Xt --> Ht is defined by a weight matrix Wxh - this is 'kernel' in the SimpleRNNCell H_tm1 --> Ht is defined by a weight matrix Whh - this is 'recurrent_kernel' in the SimpleRNNCell Ht --> Yt would be defined by a second layer and matrix Why, since I want it to be a secondary transformation and convert the hidden state dimension to a 1-dimensional output at each time step Y_tm1 --> Ht is the hard part, defined by a matrix Wyh.

If I understand correctly the architecture is somewhat similar to your readout example. However I'd like to incorporate Y_tm1 into the state by treating it as a '1st class' input like so:

Ht = K.dot(Xt, Wxh) + K.dot(H_tm1, Whh) + K.dot(Y_tm1, Wyh) Ht = tanh(Ht)
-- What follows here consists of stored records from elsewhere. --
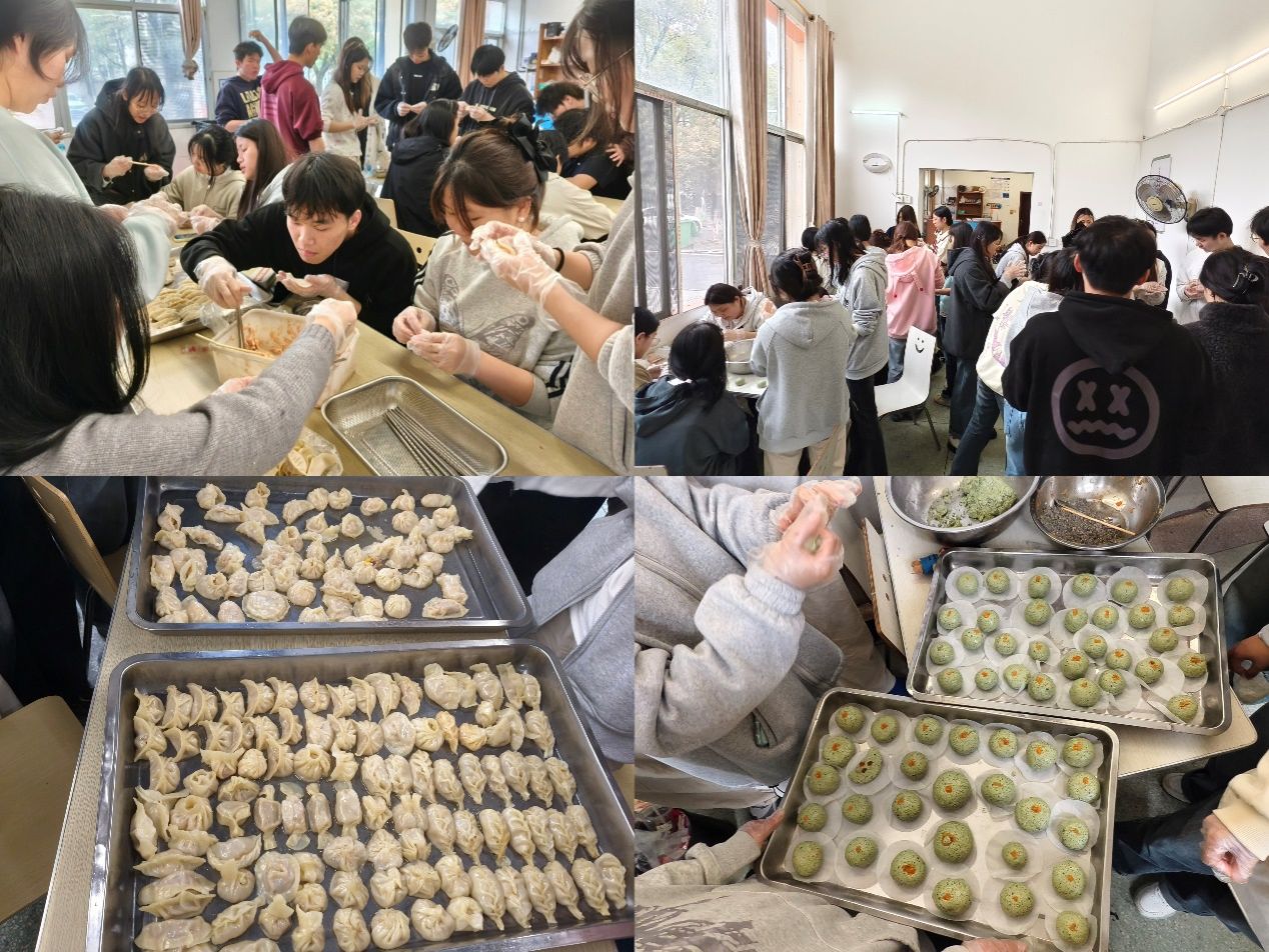 活动伊始,同学们完成采购新鲜饺子皮、采摘新鲜艾草、切配食材、调制馅料等准备工作。包饺子环节乐趣满满,同学们各展所长,既有手法娴熟的同学包出规整饺子,也有同学创新造型,捏出各式特色饺子,新手同学也积极尝试,现场欢声笑语不断。随后,同学们着手制作清明特色美食青团。初次揉面时,大家克服面团干湿不均的难题,互相交流经验、调整配比,最终揉出艾香浓郁、软硬适中的面团,再动手包制馅料,一个个绿莹莹的青团摆满餐盘,尽显春日气息。历经辛勤劳作,鲜香的饺子、软糯的青团相继出锅。同学们围坐品尝亲手制作的美食,在劳动成果中感受集体温情,收获满满的成就感。
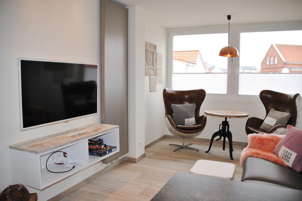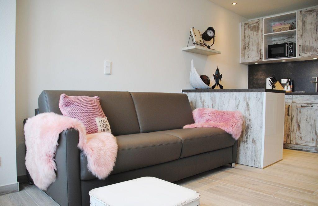 Gemütliches 1-Raum-Apartment mit moderner Ausstattung und Aufzug am Weststrand von Norderney, ideal für einen romantischen Urlaub zu zweit.
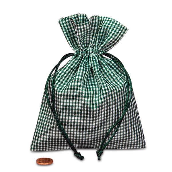 Green Gingham Bags | Quantity: 12 | Width: 4" - Green Gingham Bags are made with a gingham pattern fabric. Gingham bags are the perfect accessory to your "Country" themed events. Great for packaging small gifts, baked goods, or etc. Bags pull close with drawstrings.
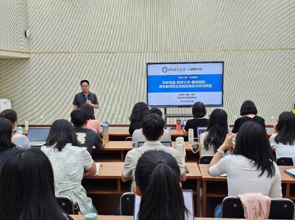 9月12日,周末专家河北行·青椒成长营系列活动之“研在工商”学术讲座于MBA一教室举行,由燕山大学刘海鸥教授作题为“科研筑基·教学立本·服务赋能:青年教师职业发展的角色冲突与调适”的学术报告。会议由必赢线路检测中心李桂荣教授主持,副院长封雪韵、石晓飞及学院青年博士教师参加。
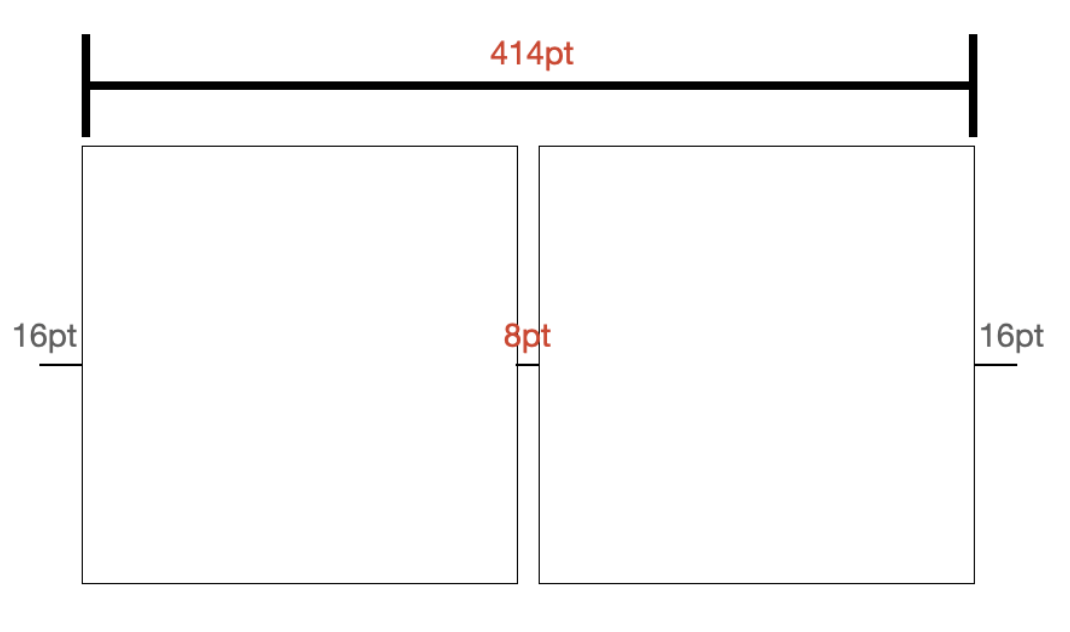 - ex. 디바이스 width = 414, 마진 전체 width = 16+9+16 = 41

The readout example showed how to add or multiply X by the previous output Y, but I'd like to also learn the Wyh matrix. I think that means I need to include a new Dense() layer somewhere, but I am having a hard time figuring out how to do that. I am using this document as a start. I'd appreciate any help you could give! For reference, I tried re-writing the SimpleRNNCell class to include a two-part state (one for Ht and one for 'hidden' inside the cell) and ended up with a cryptic Keras error that I didn't understand.